_Goal of the exercise_
Within the lines below, the span from the line with "新京报讯(记者 徐邦印)2月" to the line with "색연필로 밑줄을 그어가며", both ends included, is to be reproduced exactly, with pictures omitted.

_Supplied data_
○ ○ ○ ○ ○

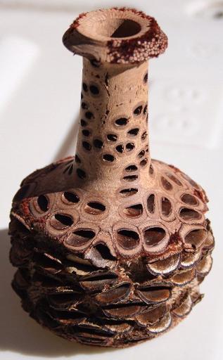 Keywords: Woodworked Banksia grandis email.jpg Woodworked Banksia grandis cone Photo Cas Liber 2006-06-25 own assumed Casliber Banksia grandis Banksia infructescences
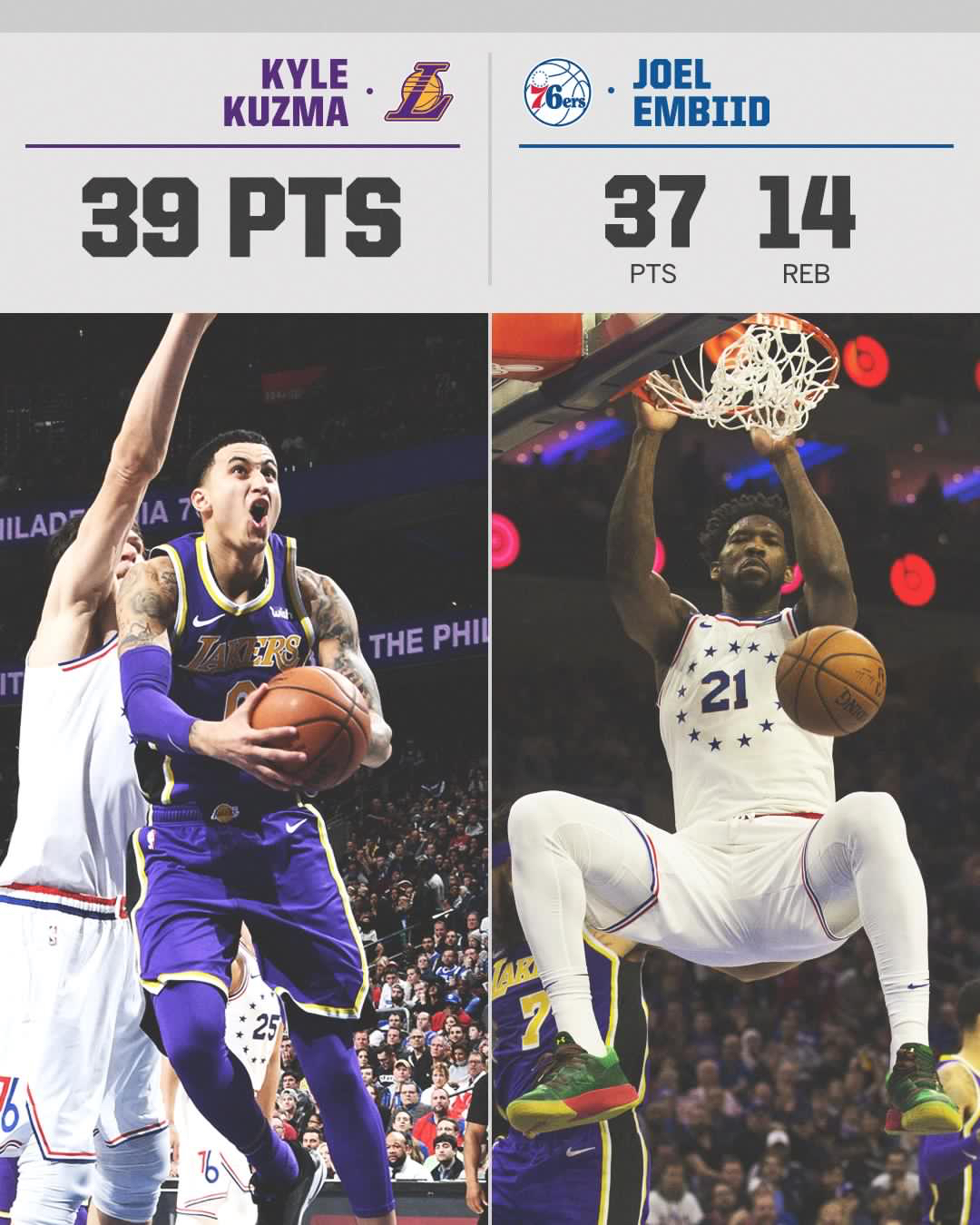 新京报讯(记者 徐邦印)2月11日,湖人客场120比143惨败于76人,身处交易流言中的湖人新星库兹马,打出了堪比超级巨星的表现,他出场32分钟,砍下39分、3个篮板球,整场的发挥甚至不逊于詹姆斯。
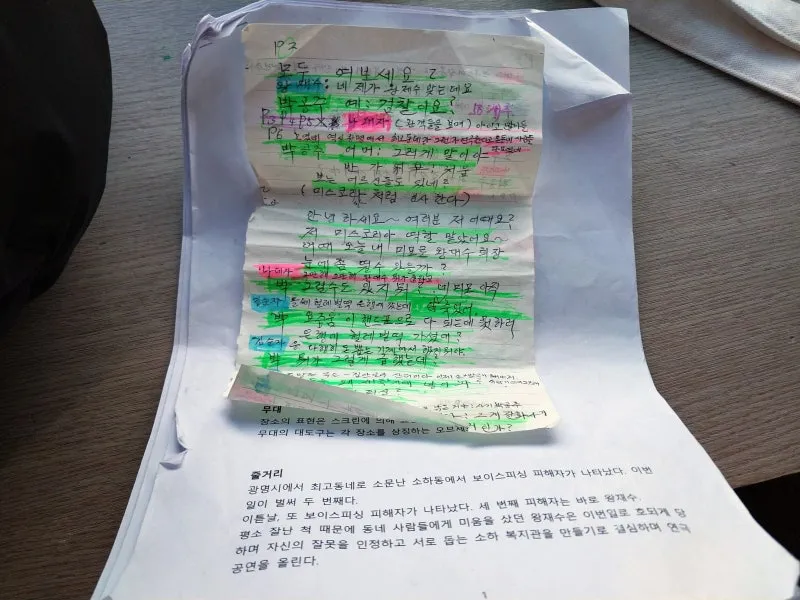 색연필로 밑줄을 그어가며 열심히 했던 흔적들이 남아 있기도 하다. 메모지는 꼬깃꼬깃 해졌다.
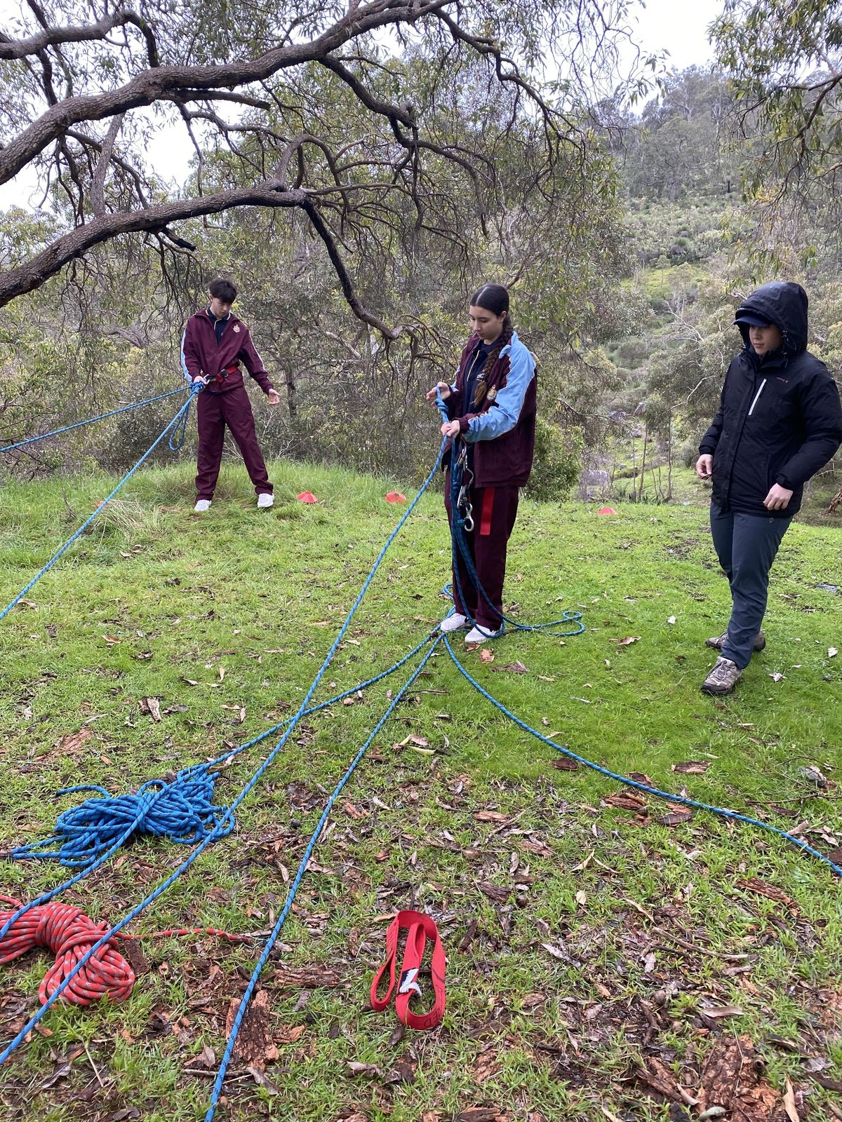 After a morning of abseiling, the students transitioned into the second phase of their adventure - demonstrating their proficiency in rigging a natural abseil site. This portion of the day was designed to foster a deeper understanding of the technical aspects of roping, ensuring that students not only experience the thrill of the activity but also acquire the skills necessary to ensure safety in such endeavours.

○ ○ ○ ○ ○

_Result for this exercise_
 新京报讯(记者 徐邦印)2月11日,湖人客场120比143惨败于76人,身处交易流言中的湖人新星库兹马,打出了堪比超级巨星的表现,他出场32分钟,砍下39分、3个篮板球,整场的发挥甚至不逊于詹姆斯。
 색연필로 밑줄을 그어가며 열심히 했던 흔적들이 남아 있기도 하다. 메모지는 꼬깃꼬깃 해졌다.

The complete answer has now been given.